Just because a choice, habit, behavior, or relationship supports your values doesn’t mean it automatically gets an all-access pass to your life.
For example, maybe you learned that Facebook is a still a great way to stay connected with friends and family, (which is one of your values) but the fact that it becomes so polarized during times of crisis is far more harmful to you in the long run. Maybe the best way to stay connected with friends and family is to call/text them individually.
Again, you can pose this question for anything in your life. For example, just because you value “service” doesn’t mean you should stay in a volunteer gig where you give all of your time away to others, so much so that you deplete your own reserves. Maybe the best option is to limit your service to the things about which you’re most passionate and spend equal time “filling your own tank.”
If this weird time in history is teaching us anything, it’s that there is a finite amount of time and resources, (and toilet paper!) in the world, so we need to be picky about the choices we make.
Even if something passes the first two tests — it supports your values AND is the best tool for doing that task — it’s still O.K. to set some conditions, rules, and boundaries around how you use it in your life.
Again, to use the Facebook example, maybe you decide what’s healthiest for you personally is to only use the platform on the weekends, (so you get your news, but in less frequent bursts) and then spend the rest of the week reaching out to close friends and family one-on-one.

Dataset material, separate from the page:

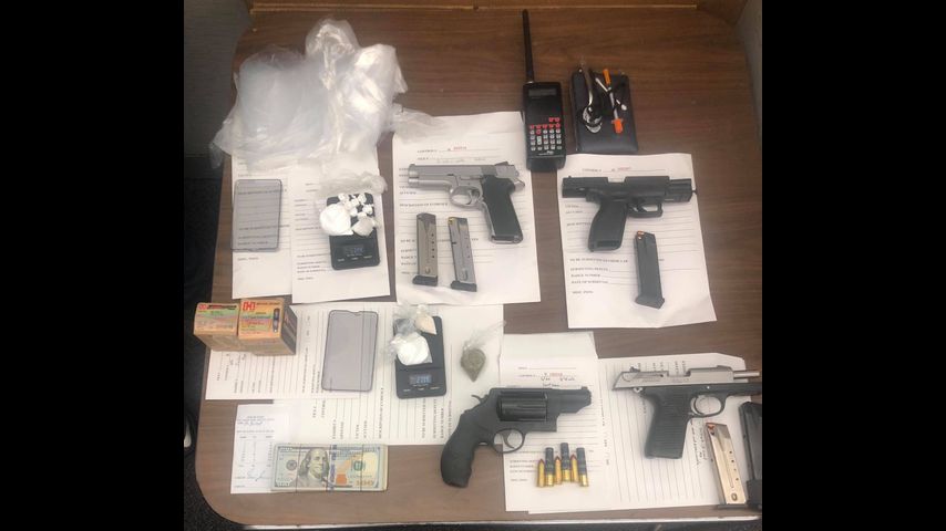 Authorities obtained a search warrant for the Cage residence on Joyce Drive and found the following: cocaine, meth, marijuana, drug paraphernalia, multiple firearms, and nearly $2,000 in cash.

Maybe you’ve come to the realization that your job doesn’t really support your values, but working remotely has given you more time to explore things that do. Maybe you shift your focus to figuring out how to maximize this benefit, (like offering to continue to work from home indefinitely) and minimize the potential harm that could result from that choice.

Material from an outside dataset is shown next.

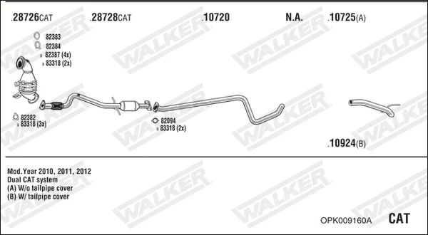 OPEL ASTRA J (P10) 1.4 Turbo (68) - Výfukový systém - kompletní od 10/2010 do 10/2015, 1364 ccm, 88 kW, 120 hp, A 14 NEL, B 14 NEL, Šikmá zadní část

Consider also posing these same three questions to assess any new habits, behaviors, people, practices, and technology you’ve added to your life recently.
In other words, if you were to pack a suitcase for a “trip back to normalcy,” is there anything new you’d want to stick in your bag?

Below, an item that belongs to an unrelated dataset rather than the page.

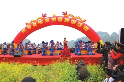 油菜花开春意浓,壮乡喊泉祈福深。3月3日,农历二月初三,天等县举行一年一度的“喊泉纳福”民俗文化活动,吸引着数千名群众前来参与。

If so, how can you make sure these practices don’t get left behind once you return to “normal?”
Next week we’ll be talking about… well, I’m not really sure. I’ve kind of been going rogue lately, debating each week the appropriateness of this eCourse in general and the information I should share. If you’ve got any suggestions or continue to find this helpful, I’d love to hear from you.
As always, thank you for stopping by. I hope you are healthy and safe.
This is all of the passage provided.